See, the best time to raise a chicken farm is 30 years ago, but the second best time is now, let me show you why:

Wealth generation and passive income example

So, if you were to invest 6000 a year(500kr x 12months) for 30 years(6000 x 30 = 180.000kr), and you didn't pick losers, this is how you would fare in 2050, assuming you started in 2020:
This is why everyone and his donkey is attracted to spring chickens that grow fast.

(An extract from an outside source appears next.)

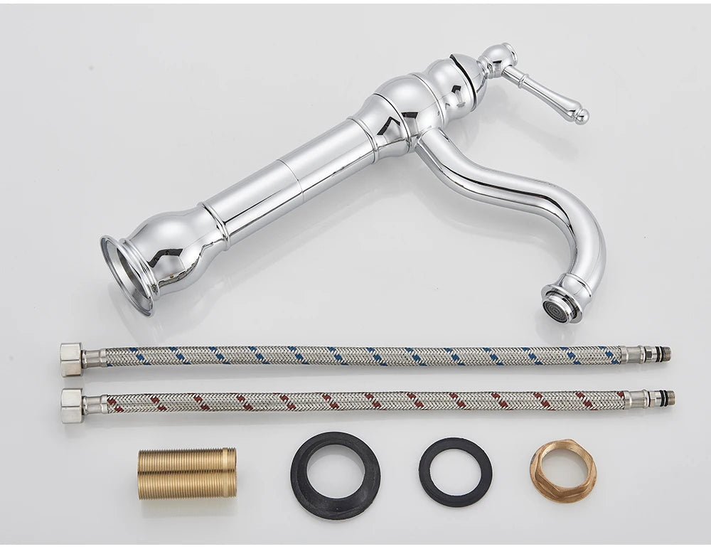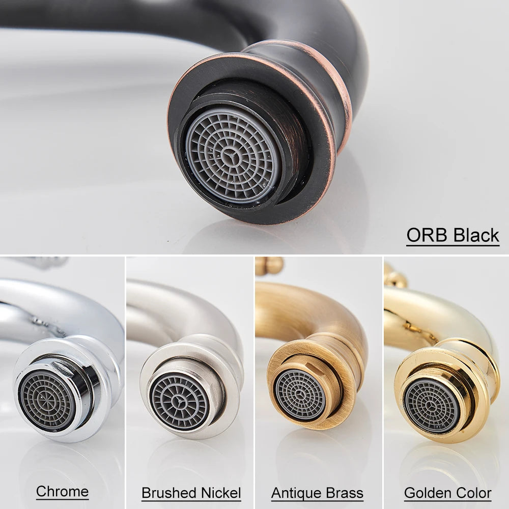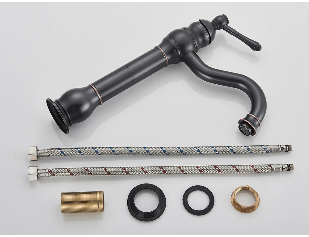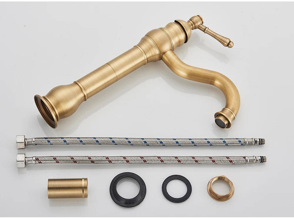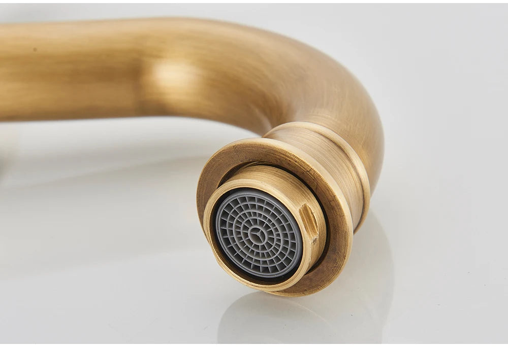 POIQIHY Antique Brass Basin Vessel Sink Faucet Deck Mounted One Hole Cold Hot Water Cold Hot Mixer Tap Bathroom Faucet 1 Hole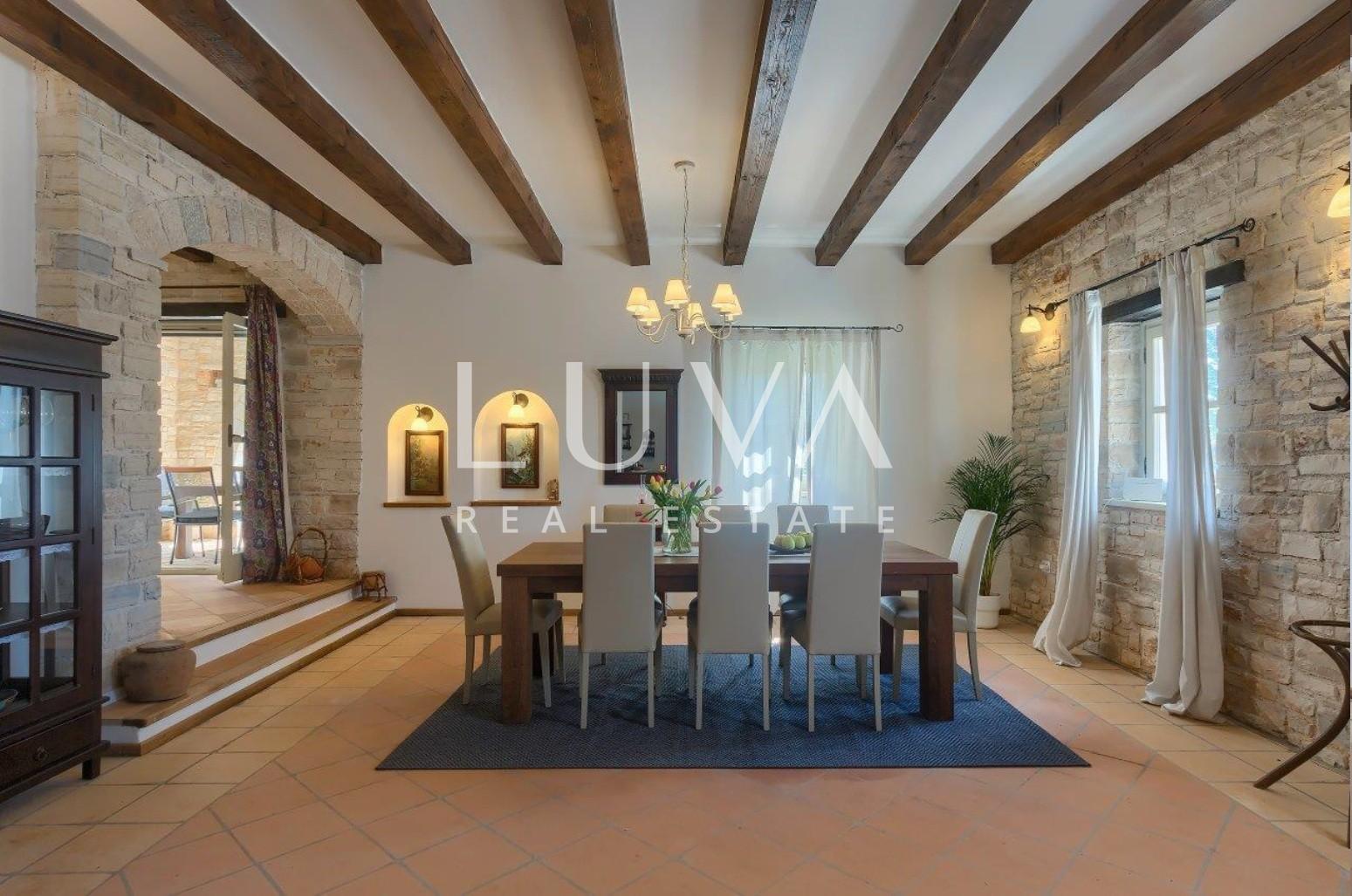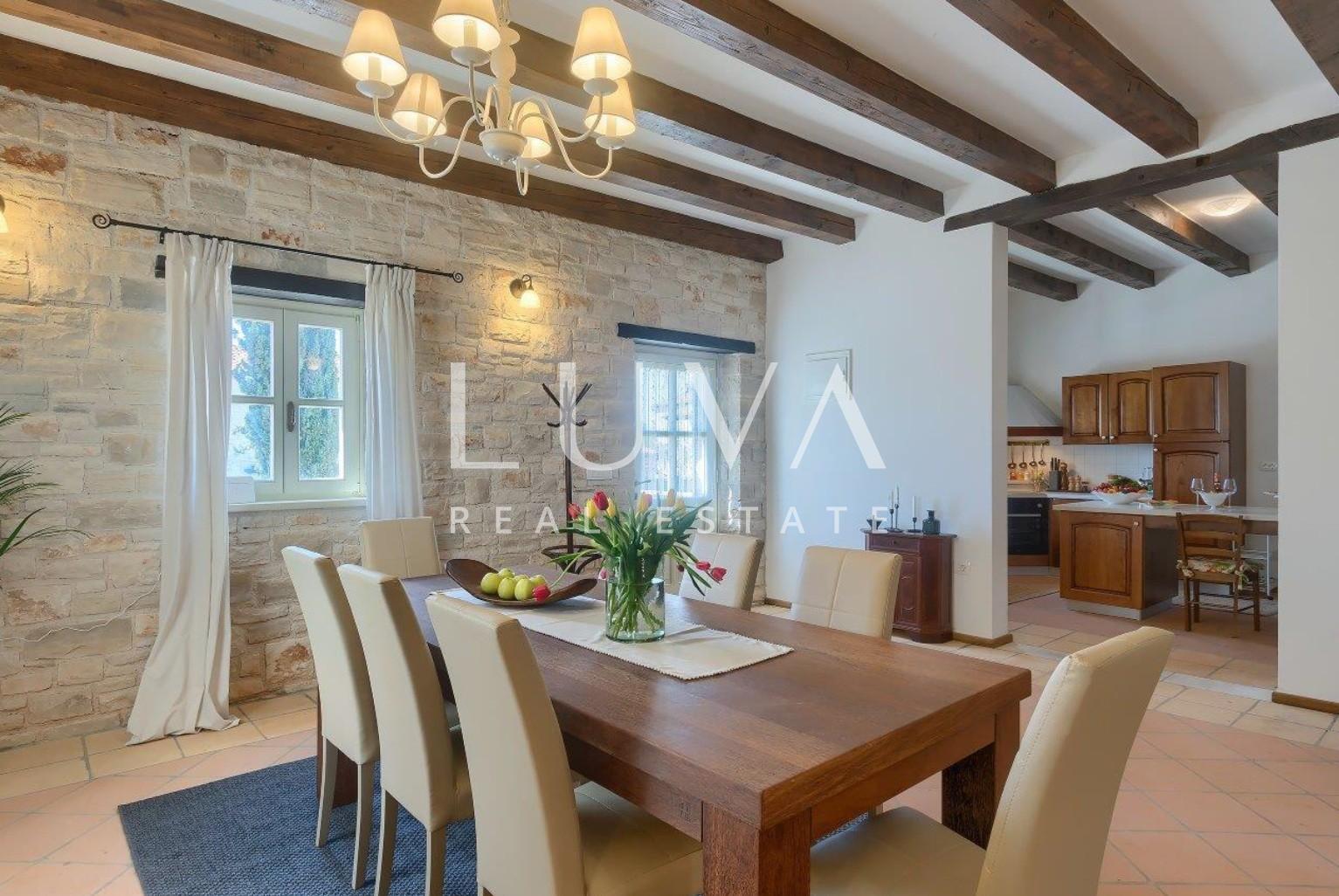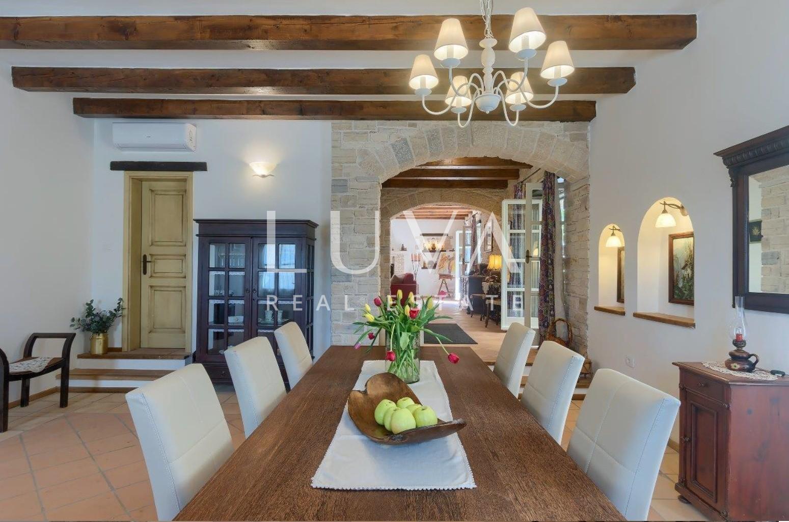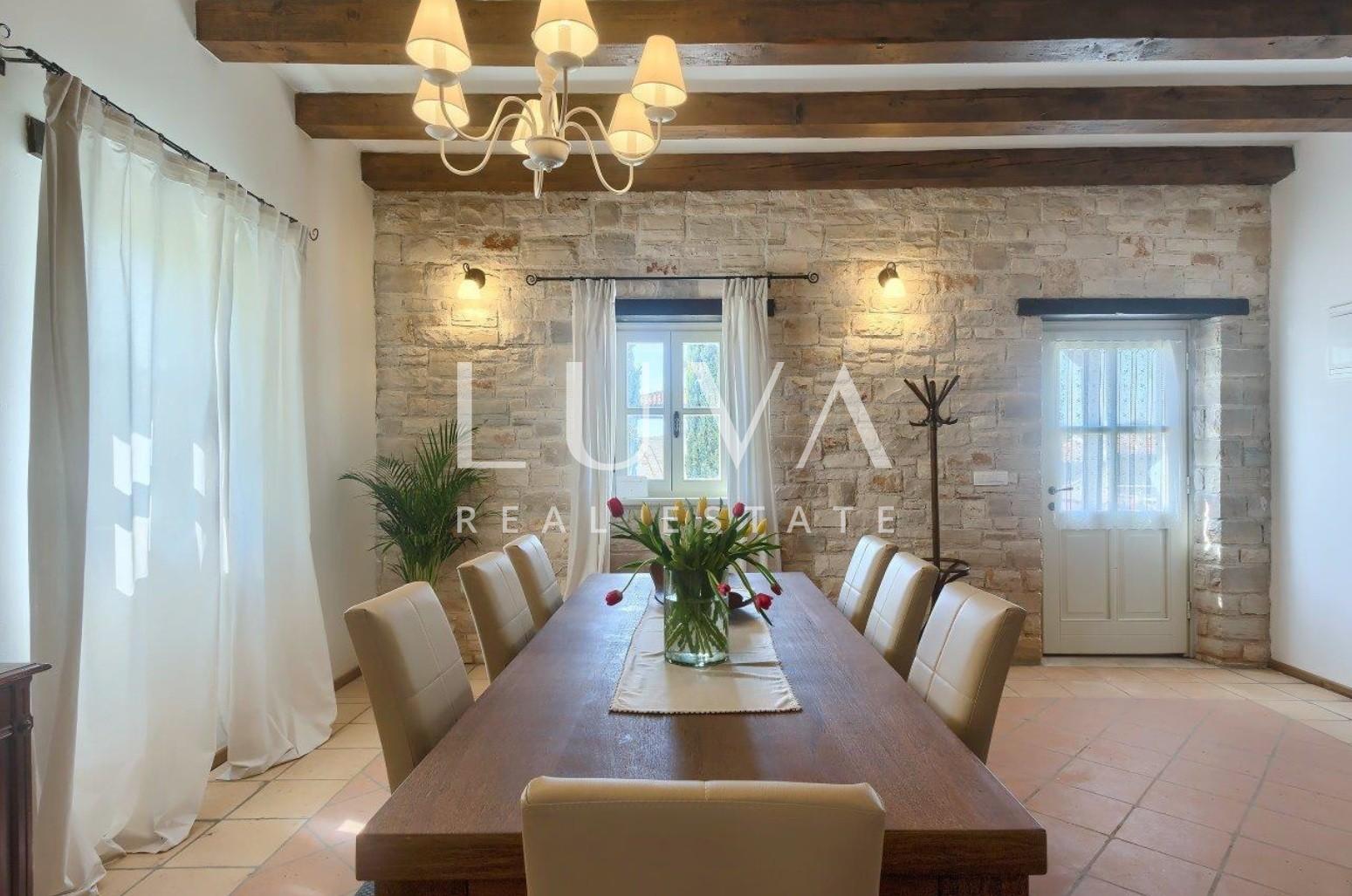 In a quiet location near Tinjan, this refined stone villa with a swimming pool is an example of carefully restored Istrian architecture, blending tradition with modern luxury. The complete renovation in 2021 brought a fresh, contemporary character, while authentic elements such as dry stone walls, wooden beams, and metal shutters were preserved. Notably, underfloor heating was added on the ground floor, particularly valuable for stone buildings as it provides a healthy indoor climate and comfortable living year-round. The villa is 4-star rated, equipped to accommodate eight guests, but due to its high standards, it could easily qualify as 5-star.

And why there are more (dumb)asses than donkeys.

But as my mama used to say: Don't count your chickens before they hatch!
Therefore, we will follow the heed of an old Chinese man I met once.
If you must play, decide on three things at the start: the rules of the game, the stakes, and the quitting time.

Now, I've tried to explain some of the factors that determine investing. Now, I will make my final conclusion, which should get the chickens home to roost.

Conclusion overview
Investor type Rules of the game Stakes Quitting time
Chicken investor Zero sum game(winners/losers), time consuming Superior returns for high risk Sell in good times
Supermarket chicken investor Positive sum game(the top birds will always grow), overpriced, time efficient Above average return for close to no risk and fees Sell upon retirement
Egg investor Positive sum game(eggs will compound), time consuming Good returns for mediocre risk Never, live off the eggs

By golly, and there you have it. Remember, seek the win-win, competition is for losers!